*YOUR INSTRUCTIONS:* All of the data below should be set down again verbatim, without any images.

*SOURCE DATA:*
──────────

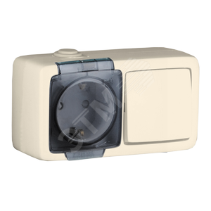 Alfa Блок с пылевлагозащитой, розетка одноместная, со шторками, с заземляющими контактами, выключатель одноклавишный, слоновая кость
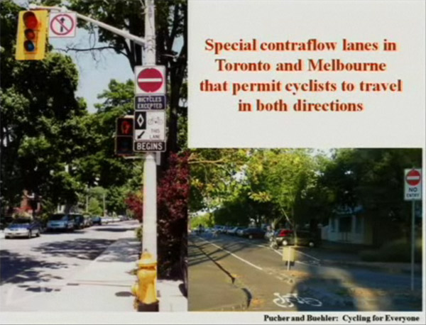 Cyclist allow to travel both way on one way street in Toronto and Melbourne
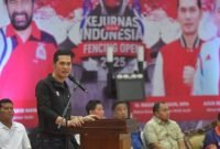 Sekda Aceh, M. Nasir, S.IP, MPA, saat memberikan sambutan dan membuka Kejuaraan Nasional Anggar Tahun 2025 dan Indonesia Fencing Open…

──────────

*FINAL ANSWER:*
 Alfa Блок с пылевлагозащитой, розетка одноместная, со шторками, с заземляющими контактами, выключатель одноклавишный, слоновая кость
 Cyclist allow to travel both way on one way street in Toronto and Melbourne
 Sekda Aceh, M. Nasir, S.IP, MPA, saat memberikan sambutan dan membuka Kejuaraan Nasional Anggar Tahun 2025 dan Indonesia Fencing Open…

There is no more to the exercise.